• _WHAT TO WORK ON_
Set down each entry as it stands. Skip the pictures.

Entries taken from a collection
Content starts

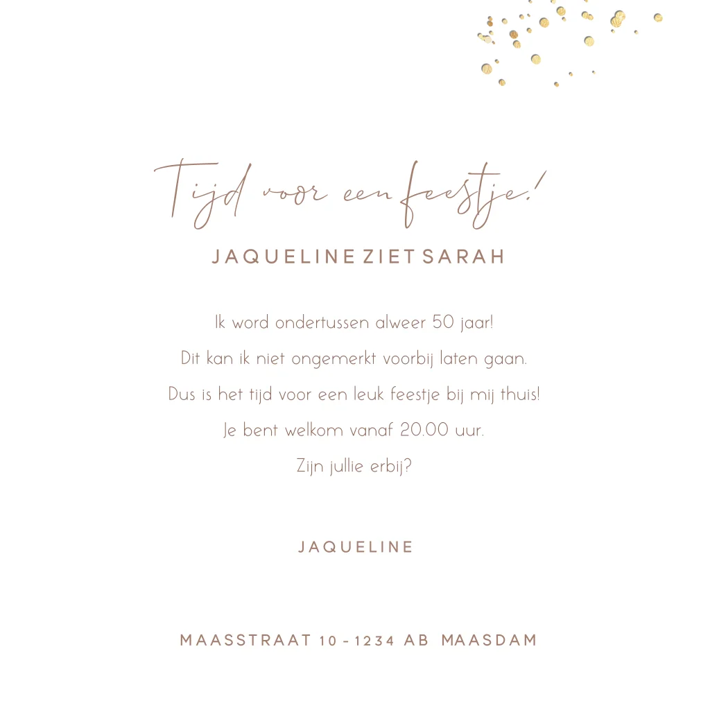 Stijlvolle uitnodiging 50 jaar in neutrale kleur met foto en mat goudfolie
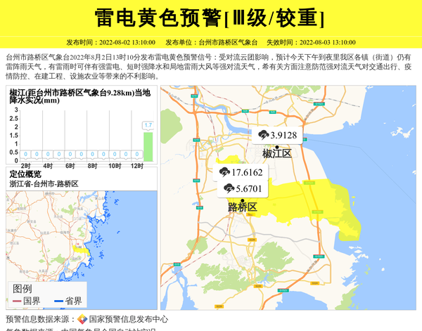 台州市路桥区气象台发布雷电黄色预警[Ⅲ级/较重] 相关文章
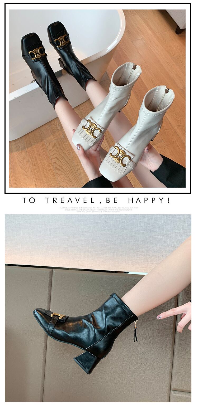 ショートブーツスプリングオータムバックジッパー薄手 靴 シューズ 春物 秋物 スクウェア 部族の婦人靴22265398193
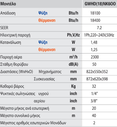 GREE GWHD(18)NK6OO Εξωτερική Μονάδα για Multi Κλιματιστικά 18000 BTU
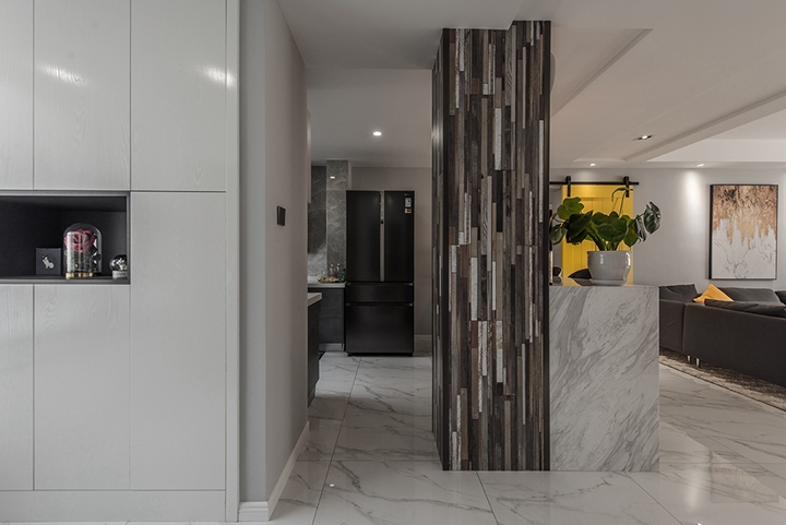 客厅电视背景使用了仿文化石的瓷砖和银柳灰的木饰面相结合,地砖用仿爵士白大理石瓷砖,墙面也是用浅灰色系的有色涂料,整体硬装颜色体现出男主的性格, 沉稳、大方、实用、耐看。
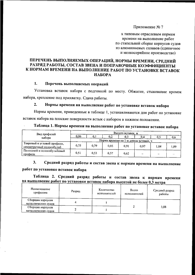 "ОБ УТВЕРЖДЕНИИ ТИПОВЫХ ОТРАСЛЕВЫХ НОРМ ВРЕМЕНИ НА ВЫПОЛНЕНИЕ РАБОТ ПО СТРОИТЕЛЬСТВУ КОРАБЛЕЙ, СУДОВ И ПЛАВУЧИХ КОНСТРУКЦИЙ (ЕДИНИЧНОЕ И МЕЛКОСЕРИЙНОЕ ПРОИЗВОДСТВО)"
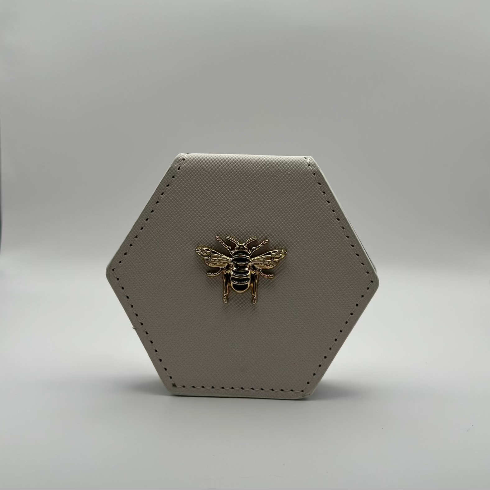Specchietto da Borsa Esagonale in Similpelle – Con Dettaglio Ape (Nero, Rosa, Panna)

Content ends

• _OUTPUT BELOW_
 Stijlvolle uitnodiging 50 jaar in neutrale kleur met foto en mat goudfolie
 台州市路桥区气象台发布雷电黄色预警[Ⅲ级/较重] 相关文章
 ショートブーツスプリングオータムバックジッパー薄手 靴 シューズ 春物 秋物 スクウェア 部族の婦人靴22265398193
 GREE GWHD(18)NK6OO Εξωτερική Μονάδα για Multi Κλιματιστικά 18000 BTU
 客厅电视背景使用了仿文化石的瓷砖和银柳灰的木饰面相结合,地砖用仿爵士白大理石瓷砖,墙面也是用浅灰色系的有色涂料,整体硬装颜色体现出男主的性格, 沉稳、大方、实用、耐看。
 "ОБ УТВЕРЖДЕНИИ ТИПОВЫХ ОТРАСЛЕВЫХ НОРМ ВРЕМЕНИ НА ВЫПОЛНЕНИЕ РАБОТ ПО СТРОИТЕЛЬСТВУ КОРАБЛЕЙ, СУДОВ И ПЛАВУЧИХ КОНСТРУКЦИЙ (ЕДИНИЧНОЕ И МЕЛКОСЕРИЙНОЕ ПРОИЗВОДСТВО)"
Specchietto da Borsa Esagonale in Similpelle – Con Dettaglio Ape (Nero, Rosa, Panna)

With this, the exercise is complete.